━━━ Information supplied ━━━

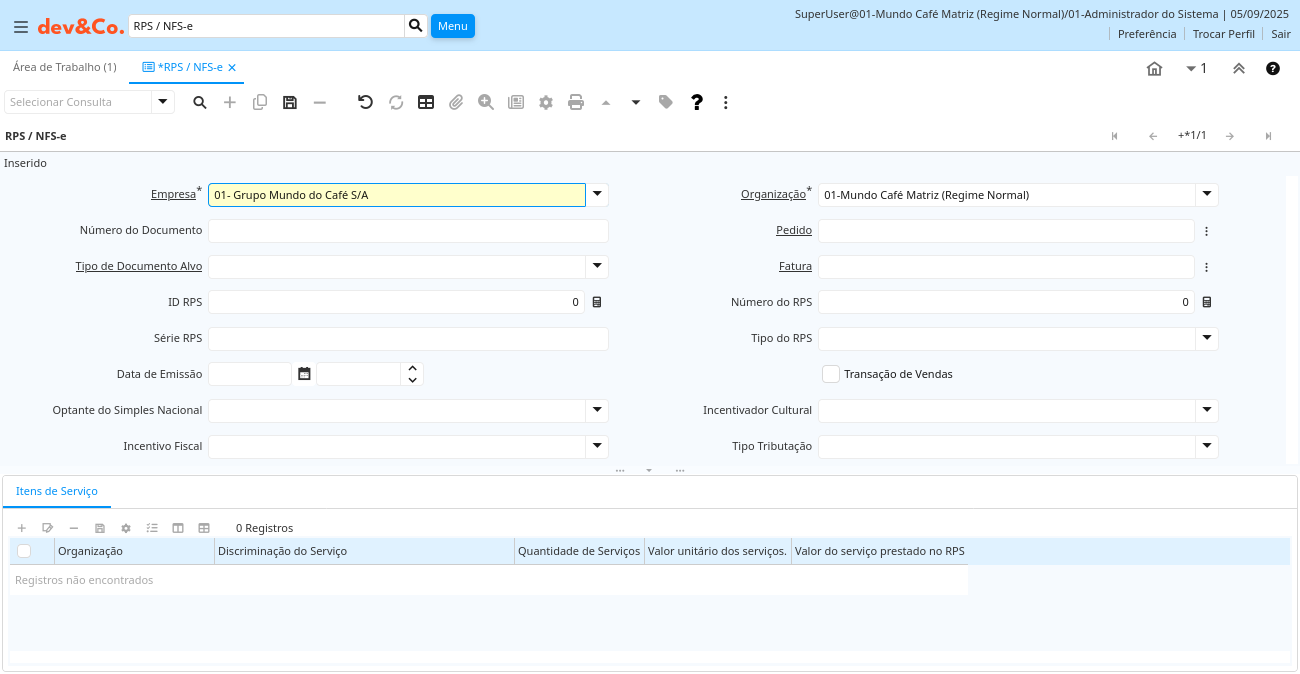 | Data de Emissão | Data da emissão do RPS | cof_rps.cof_DataEmissao timestamp without time zone Date+Time | |
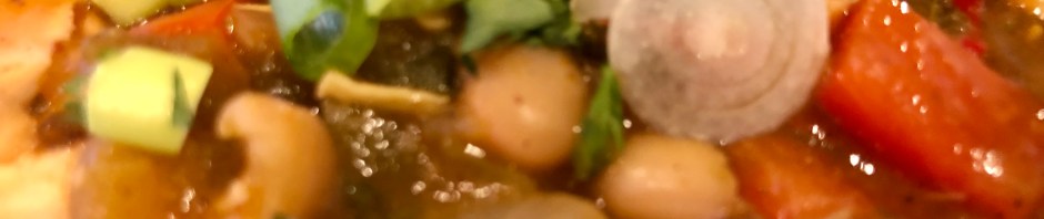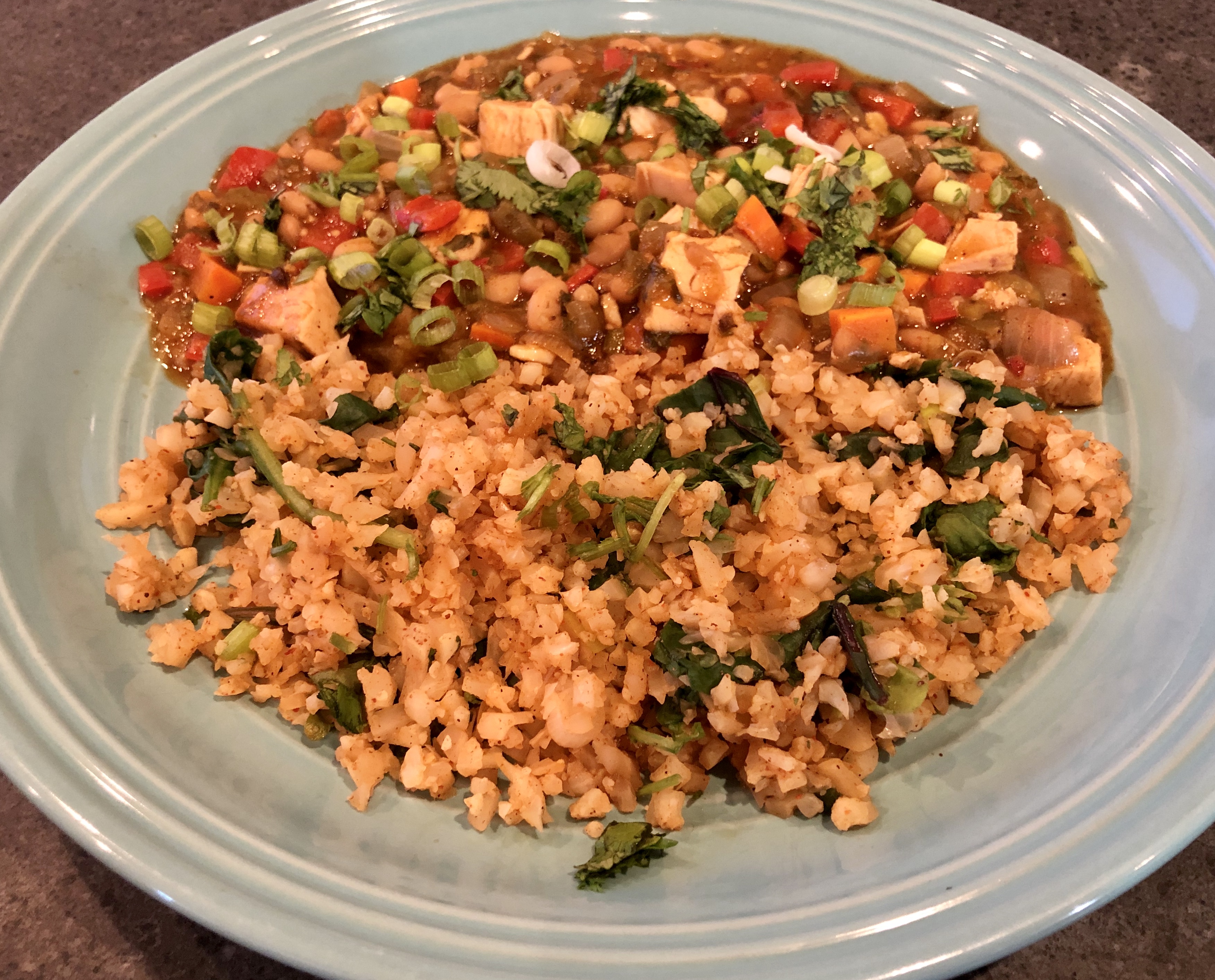 This is our last night before returning home so we need to use up as much as possible from the refrigerator. I chop up onions, bell pepper, and garlic, the Fresno chile, and a carrot for sweetness. We add the beans, the salsa verde, and some chicken stock. Taste, adjust, taste again. It does not come out great but is an approximation of chile. John puts crumbled corn tortilla chips on his. I try to coax out some umami flavor with a packet of soy sauce. I also make cauliflower rice with the rest of our “power greens.”
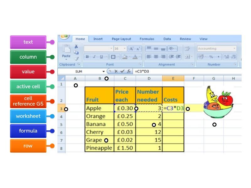 worksheet, value, row, column, text, formula, active cell, cell reference G5.
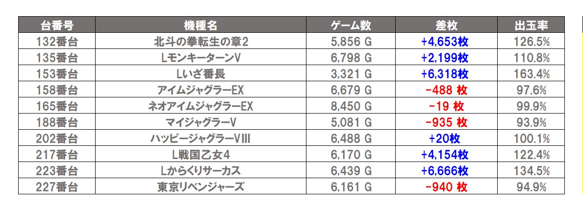 ・集計機種計20台総差枚数:+40,794枚

━━━

### Exercise prompt
Give back the material above exactly as it appears, minus any picture.

### Exercise answer
 | Data de Emissão | Data da emissão do RPS | cof_rps.cof_DataEmissao timestamp without time zone Date+Time | |
 This is our last night before returning home so we need to use up as much as possible from the refrigerator. I chop up onions, bell pepper, and garlic, the Fresno chile, and a carrot for sweetness. We add the beans, the salsa verde, and some chicken stock. Taste, adjust, taste again. It does not come out great but is an approximation of chile. John puts crumbled corn tortilla chips on his. I try to coax out some umami flavor with a packet of soy sauce. I also make cauliflower rice with the rest of our “power greens.”
 worksheet, value, row, column, text, formula, active cell, cell reference G5.
 ・集計機種計20台総差枚数:+40,794枚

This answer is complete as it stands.